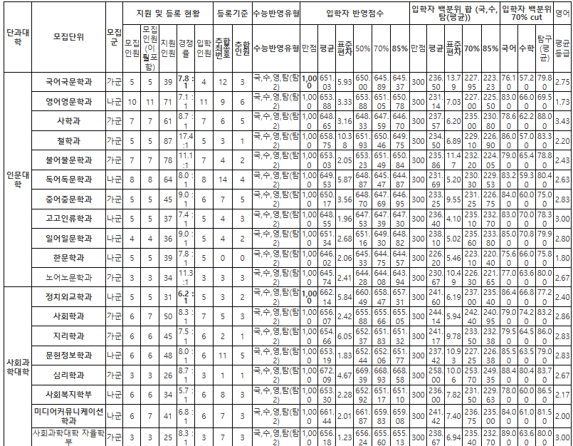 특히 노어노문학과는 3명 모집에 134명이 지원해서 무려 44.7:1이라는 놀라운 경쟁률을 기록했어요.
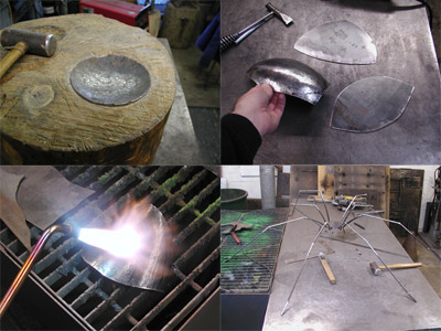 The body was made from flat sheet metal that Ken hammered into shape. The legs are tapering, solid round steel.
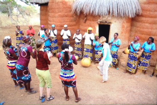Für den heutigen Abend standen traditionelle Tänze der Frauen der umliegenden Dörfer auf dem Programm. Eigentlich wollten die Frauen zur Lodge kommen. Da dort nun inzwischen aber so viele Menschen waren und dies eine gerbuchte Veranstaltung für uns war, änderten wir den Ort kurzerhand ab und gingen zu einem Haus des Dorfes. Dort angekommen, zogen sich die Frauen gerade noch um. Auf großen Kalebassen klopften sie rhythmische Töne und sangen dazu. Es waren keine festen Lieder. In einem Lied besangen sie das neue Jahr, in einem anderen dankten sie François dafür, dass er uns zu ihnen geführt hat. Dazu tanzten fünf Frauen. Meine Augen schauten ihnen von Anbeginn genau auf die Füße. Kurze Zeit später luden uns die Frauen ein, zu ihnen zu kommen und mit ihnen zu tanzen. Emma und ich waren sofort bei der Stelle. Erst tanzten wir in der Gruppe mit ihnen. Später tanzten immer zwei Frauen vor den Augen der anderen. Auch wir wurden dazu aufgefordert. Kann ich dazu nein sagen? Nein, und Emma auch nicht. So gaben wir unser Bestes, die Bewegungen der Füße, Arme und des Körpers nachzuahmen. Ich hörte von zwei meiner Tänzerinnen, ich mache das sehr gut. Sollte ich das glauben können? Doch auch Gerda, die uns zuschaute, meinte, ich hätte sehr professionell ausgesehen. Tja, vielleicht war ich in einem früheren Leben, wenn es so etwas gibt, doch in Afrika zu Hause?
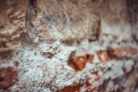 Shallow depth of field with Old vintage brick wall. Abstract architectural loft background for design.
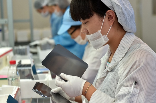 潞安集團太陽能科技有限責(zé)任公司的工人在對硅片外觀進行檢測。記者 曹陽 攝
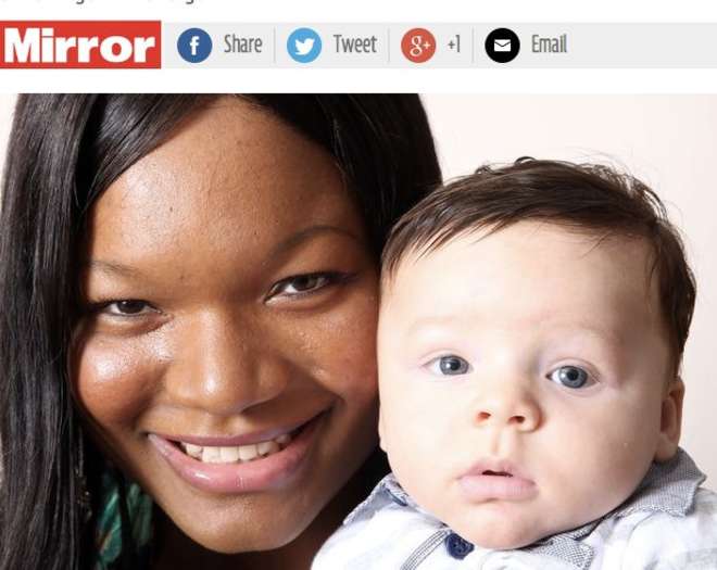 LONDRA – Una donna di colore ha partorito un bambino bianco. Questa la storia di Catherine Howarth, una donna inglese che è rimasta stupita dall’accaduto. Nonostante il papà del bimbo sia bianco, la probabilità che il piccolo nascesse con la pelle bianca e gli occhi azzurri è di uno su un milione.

_ _ _ _ _

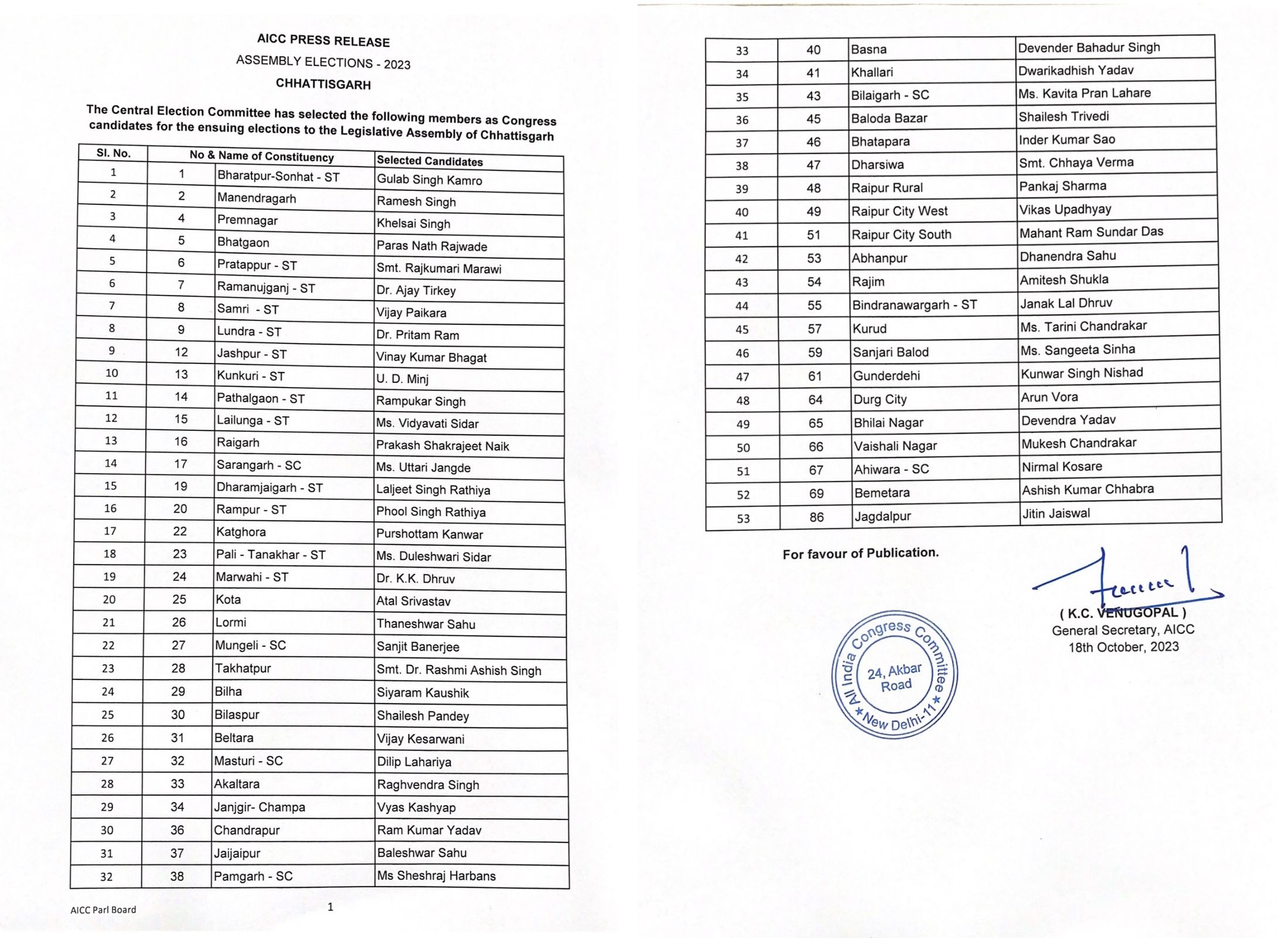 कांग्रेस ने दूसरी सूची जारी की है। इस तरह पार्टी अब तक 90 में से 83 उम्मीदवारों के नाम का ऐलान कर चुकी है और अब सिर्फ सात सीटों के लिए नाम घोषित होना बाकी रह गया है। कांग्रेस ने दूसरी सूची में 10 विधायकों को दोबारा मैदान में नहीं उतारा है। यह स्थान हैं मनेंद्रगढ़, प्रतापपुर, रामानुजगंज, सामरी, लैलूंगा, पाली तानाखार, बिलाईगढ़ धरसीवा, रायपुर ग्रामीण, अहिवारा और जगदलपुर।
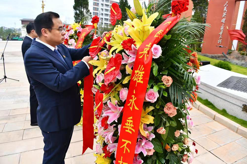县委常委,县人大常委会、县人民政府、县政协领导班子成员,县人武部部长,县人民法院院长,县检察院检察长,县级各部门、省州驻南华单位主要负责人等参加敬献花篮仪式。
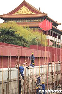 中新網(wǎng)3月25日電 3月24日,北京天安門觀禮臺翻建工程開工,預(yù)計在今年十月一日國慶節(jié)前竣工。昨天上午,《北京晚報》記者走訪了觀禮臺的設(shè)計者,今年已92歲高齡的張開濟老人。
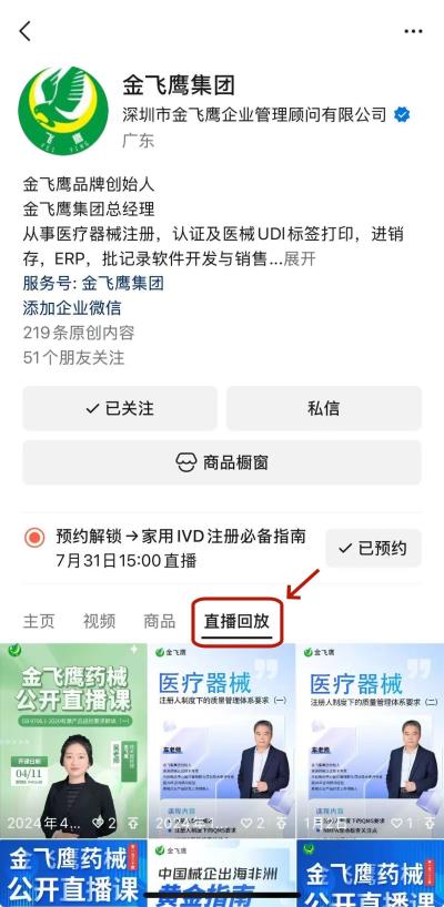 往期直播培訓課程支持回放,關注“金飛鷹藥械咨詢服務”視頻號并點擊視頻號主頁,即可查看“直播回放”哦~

_ _ _ _ _

Exercise: Within the listing above, extract exactly the lines that run from the one containing "특히 노어노문학과는 3명" through the one containing "The body was", excluding any pictures.

Result below:
 특히 노어노문학과는 3명 모집에 134명이 지원해서 무려 44.7:1이라는 놀라운 경쟁률을 기록했어요.
 The body was made from flat sheet metal that Ken hammered into shape. The legs are tapering, solid round steel.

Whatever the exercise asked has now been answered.